# Old school help battery life question



## paintdrying (Jul 13, 2012)

I have a sony model zs-xn30 boombox. I lost the power cord and was wondering how long batteries will play the cd player for. On pretty low volume. I am thinking it would be better to just buy a new power cord.


----------



## de-nagorg (Feb 23, 2014)

Depending on the quality of your batteries 3 to 6 hours tops.

Then recharge if possible, but if you have the owners manual, or can get access to one on-line, you can get a new cord from the manufacturer.

And it will be cost effective within 3 weeks to have gotten a cord instead of buying batteries.


ED


----------



## gregzoll (Dec 25, 2006)

Those cords are usually pretty standard. Post a picture of the outlet on the boom box where it plugs in.


----------



## Oso954 (Jun 23, 2012)

Looks like Amazon has it.
http://www.amazon.com/UpBright®-Adapter-ZS-X10WHITE-ZS-XN30-ZS-X3CP/dp/B00E3KG6JC


----------



## PD_Lape (Nov 19, 2014)

de-nagorg said:


> Depending on the quality of your batteries 3 to 6 hours tops.
> 
> Then recharge if possible, but if you have the owners manual, or can get access to one on-line, you can get a new cord from the manufacturer.
> 
> And it will be cost effective within 3 weeks to have gotten a cord instead of buying batteries.

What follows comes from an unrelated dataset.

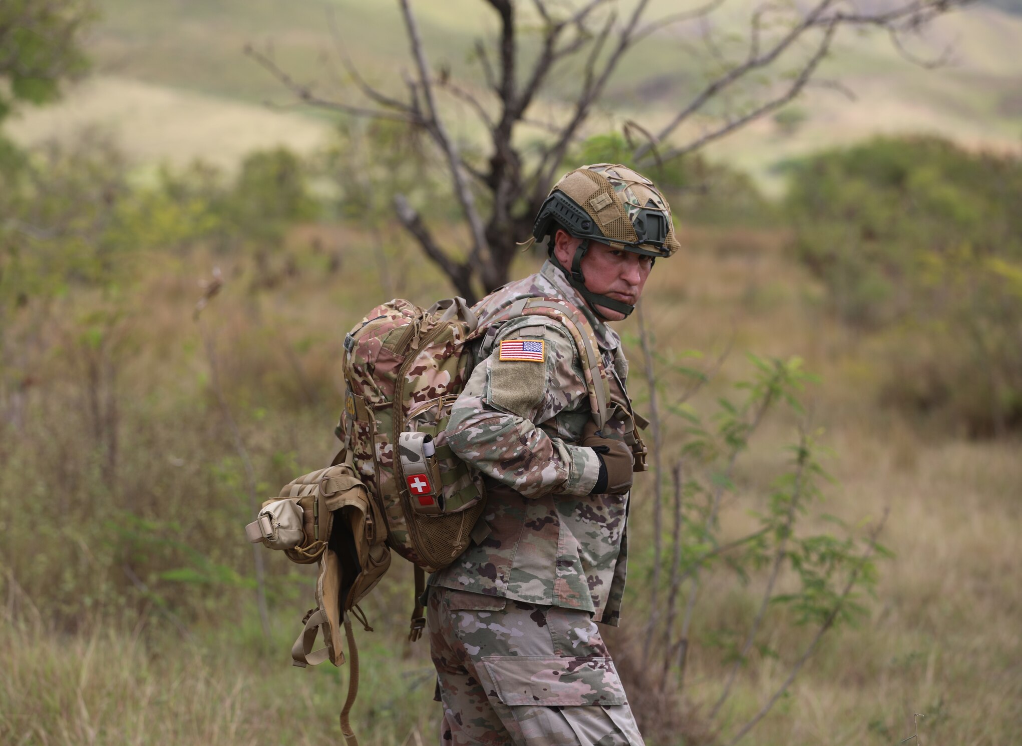 U.S. Army Puerto Rico National Guard Sgt. 1st Class Jose Santiago a combat medic specialist, observes U.S. Army Reserve Soldiers from the 1st Mission Support Command during Caribbean Thunder 25 Situational Training Exercise (STX) lanes in Camp Santiago, Salinas, Puerto Rico, Aug 4, 2025. Caribbean Thunder is an annual exercise designed to train and prepare units for supporting Large-Scale Combat Operations (LSCO), enhance its warfighting readiness, and ability to respond to crisis or conflict. (U.S. Army Reserve photo by Sgt. Edrik Torres)

I don't think replacing batteries every couple of hours of usage is practical in any way. I agree with ED with getting a new cord. It's pretty easy to get a new one be it third-party online shops or an OEM.

-Paul

_________________________________________________________________


----------



## paintdrying (Jul 13, 2012)

Not sure if these power cords are anything like cell phone chargers. My cell changers last maybe 6 months. I have bought after market ones that have lasted days. You would think that was a power adapter world where you could just buy this stuff


----------